Staff Systems Engineer, Kubernetes
job description
Job Description
Full Job Description
The SRE (Site Reliability Engineering) team is responsible for availability, reliability, performance, monitoring, emergency response for applications, and reducing manual work by implementing SRE principles and practices. The SRE team directly works with Development teams, Operations teams, Product teams, and other teams to deploy new features, and changes, and maintain infrastructure, operations, CI/CD, and IAC to achieve availability and reliability so that SLOs and SLAs can be protected. We utilize a variety of DevOps automation tools like Ansible, Docker, Kubernetes, Terraform, and Jenkins. The Senior SRE engineer is capable of implementing Observability, SLO, SLI, SLA, and Disaster Recovery and Backup Plans.
Responsibilities:
Design, engineer and implement large scale distributed systems that process high volumes of observability tracing data from container and non-container-based applications focusing on latency, scalability, resiliency, self-service, and fault tolerance.

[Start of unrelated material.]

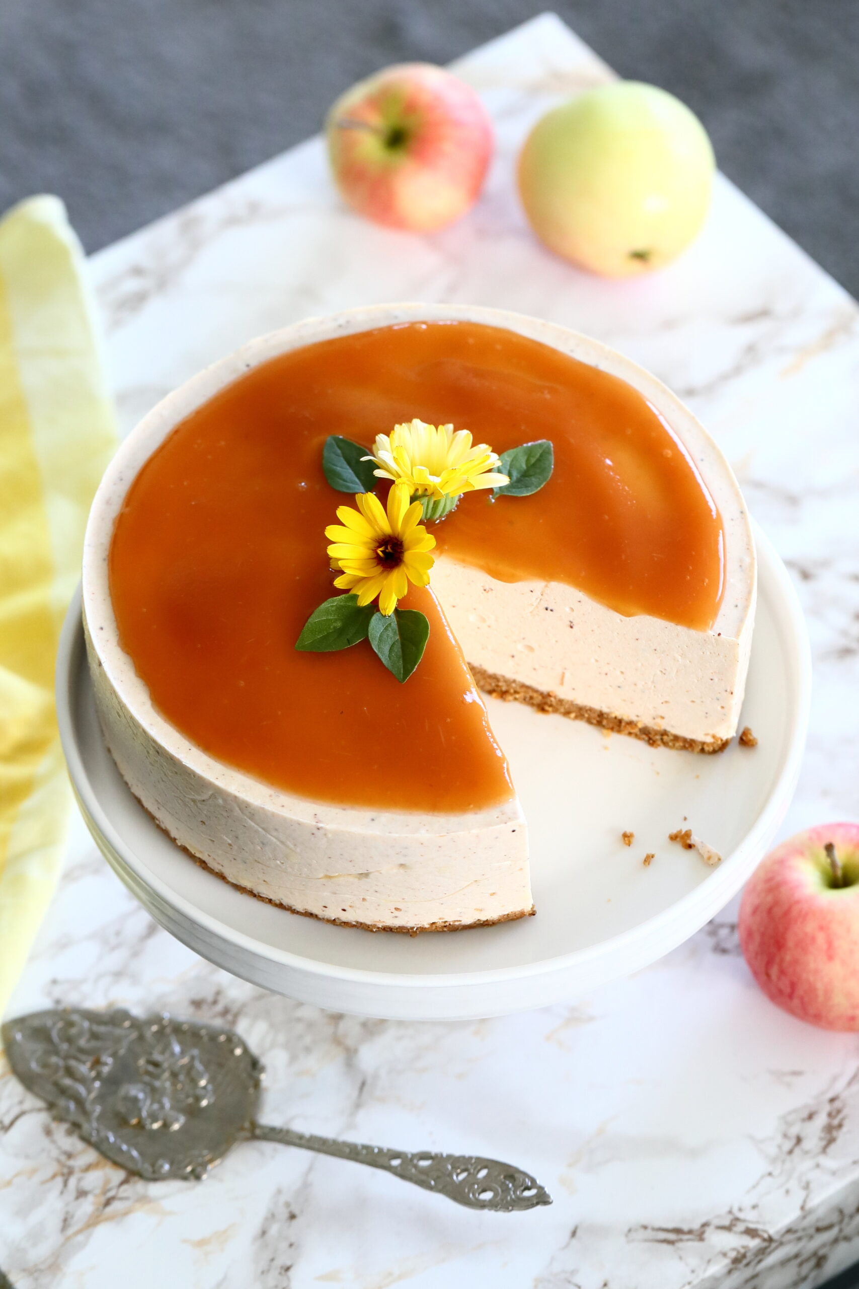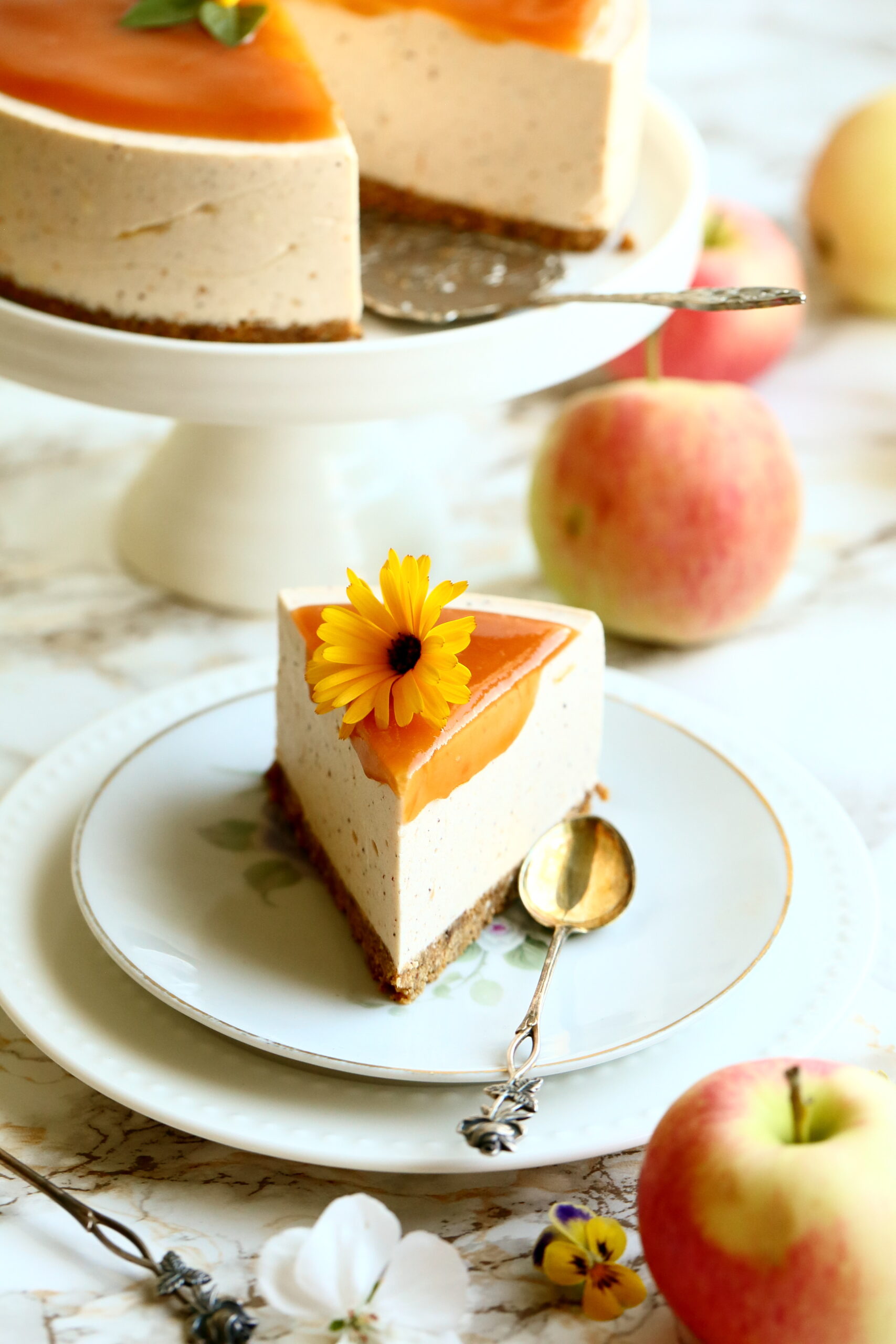 Poista kakku vuoasta ja nosta kakkulautaselle. Levitä päälle vielä kerros uuniomenahilloa. Ja eikun kakun kimppuun.
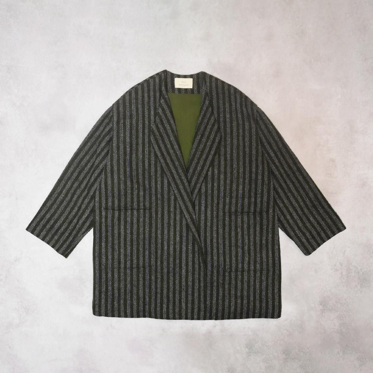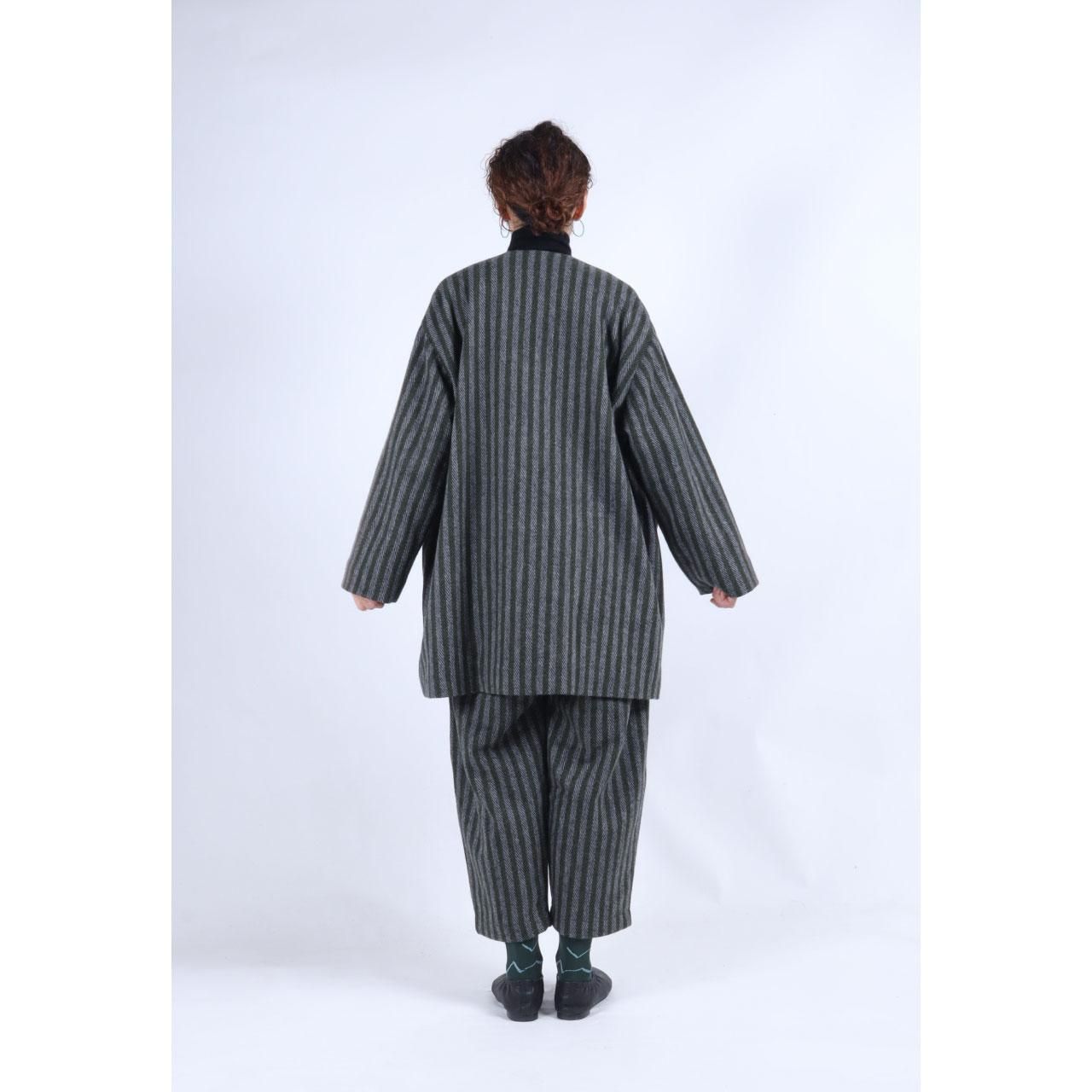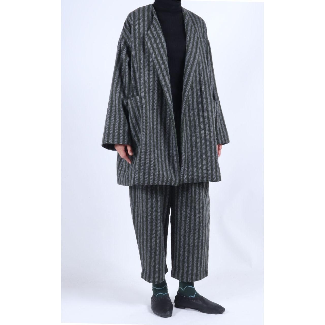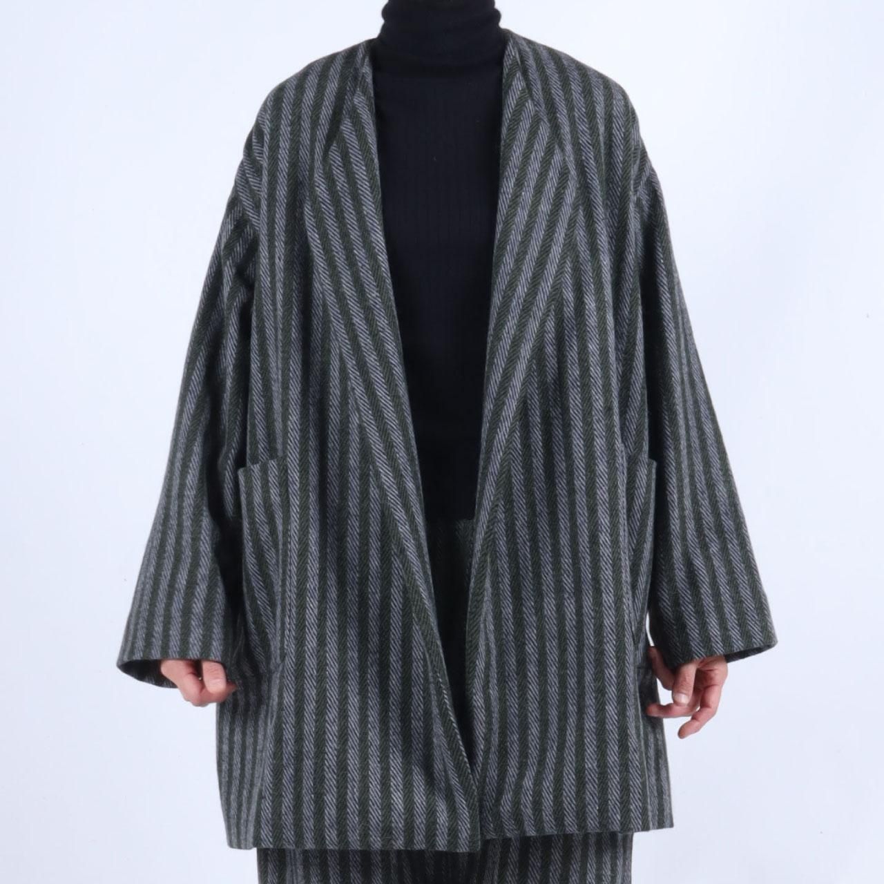 カシミール手織りウール はおり 裏地付 (ヘリンボーン グリーングレイ)

Design, develop and implement open source-based software components, libraries, and auto instrumentation code for enabling complete observability across application tracing, Metrics and Logs.
Ensure the availability and reliability of distributed systems.
Help Tier 1 team to resolve the client’s infrastructure/system issues, escalations, alerts, tickets, and queries.
Works as a bridge between development, operations and other teams in order to build and maintain resilient systems.
Conduct, coordinate and oversee post-incident Root Cause Analysis / Reviews.
Build and maintain documentation for all assigned projects.
Leverage DevOps, Agile methodology, ITIL disciplines (Event, Incident, Problem, and Change Management) and standards in day-to-day work.
Adopt and propose automation of repetitive tasks to reduce/eliminate toil.
Implement and troubleshoot using observability tools like Prometheus, Grafana etc.
Planning and implementing disaster recovery and backup plans for the platform.
Proactively work on efficiency and capacity planning.
Keep a proactive approach to spotting problems, areas for improvement, and performance bottlenecks.
Liaise and work closely with Tier-1 On call support, Development, and Operations teams.
Drive availability and reliability by defining and implementing SLI, SLO, error budget, Observability, Disaster recovery, and backup to detect and mitigate issues.
Work independently and mentorjunior developers.
This is a hybrid position. Hybrid employees can alternate time between both remote and office. Employees in hybrid roles are expected to work from the office 2-3 set days a week (determined by leadership/site), with a general guidepost of being in the office 50% or more of the time based on business needs.